There are several problems with therapy. The optimum duration is not known. The regimens are complex and may involve intake of more than 20 tablets per day. The cost of currently available drugs in the three-drug regimen is more than Rs 20,000/- per month plus that of laboratory tests. Each viral load estimation costs more than Rs 10,000/-. Unless the patient is highly motivated and has all the resources to buy these drugs for a prolonged period of time it would be inadvisable to start therapy, as inadequate or suboptimal therapy would only result in drug resistance. Finally, in spite of all the costs involved no one can guarantee a cure. At best this uniformly fatal disease can be turned into a chronic disorder.

At our Institute, we have been trying out an alternative drug, pentoxyphylline, which is known to inhibit a cytokine named tumor necrosis factor a, to treat HIV infection. Since tumor necrosis factor a accelerates viral multiplication its inhibition should retard viral proliferation. Further, since the cytokine produces wasting, its use is currently recommended in the treatment of wasting associated with AIDS. So far nearly 40 individuals who are HIV positive and have no opportunistic infection at the time of presentation have been recruited in the trial.
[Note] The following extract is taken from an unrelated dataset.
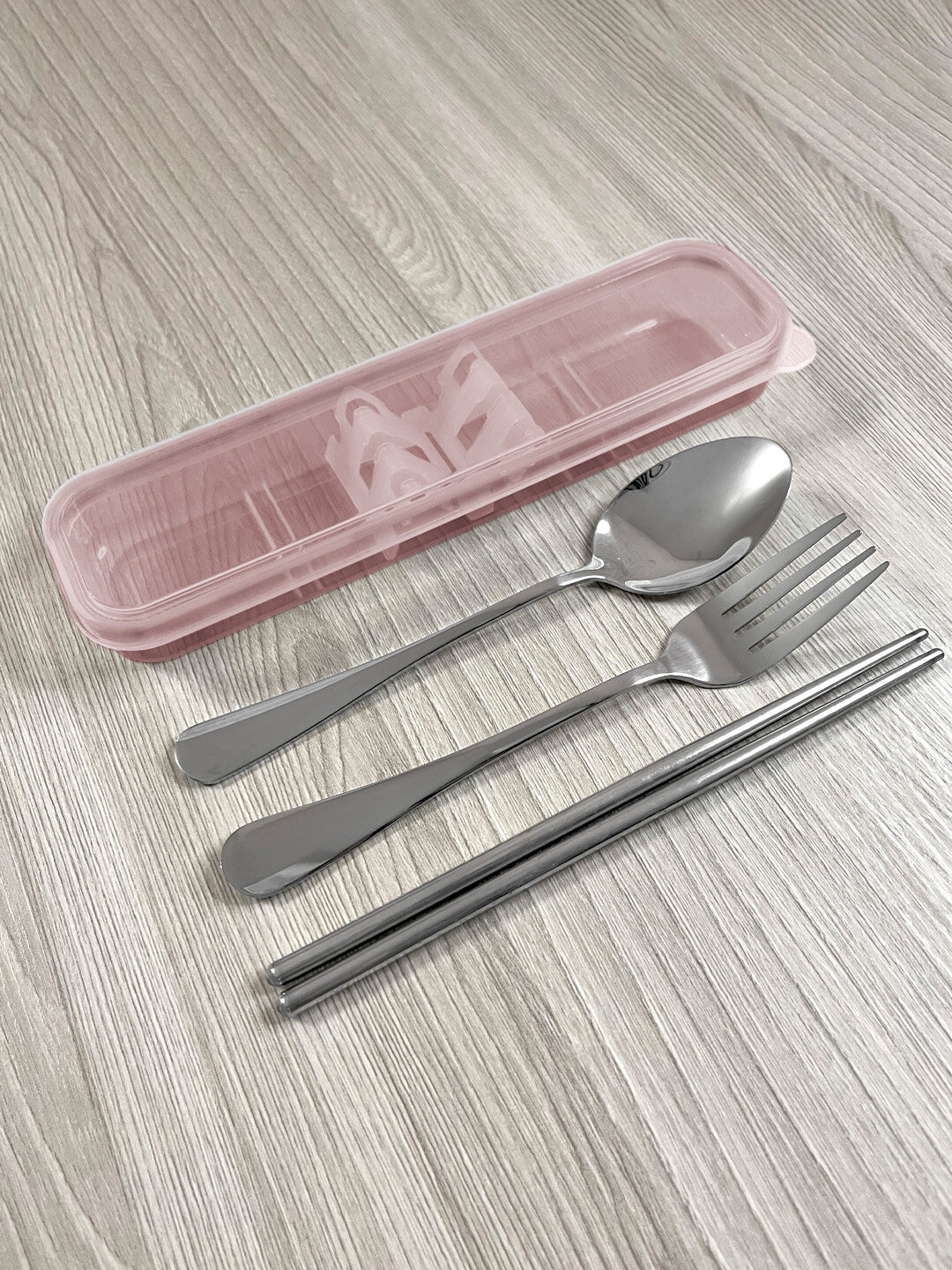 Набор качественных столовых приборов, дорожный - 3 предмета в футляре (вилка, ложка , китайские палочки из нержавеющей стали), розовый

On a follow up that has been for up to periods exceeding one year there have been only two opportunistic infections, despite the fact that all patients had CD4 counts between 50 and 500/mm3. Serial CD4 counts have remained stable in most instances. Weight gain has been virtually universal with all patients, barring the two with opportunistic infections. Inhibition of tumor necrosis factor a leads to reduction of nitric oxide production and this was seen in a subset of patients. This study suggests that in our country where the vast majority of individuals cannot afford specific anti-retroviral therapy, use of alternative drugs could play a role in prolonging chronic phase of HIV infection. At a cost of less than Rs 10 per day this might become a useful form of therapy for preventing opportunistic infections in the HIV infected.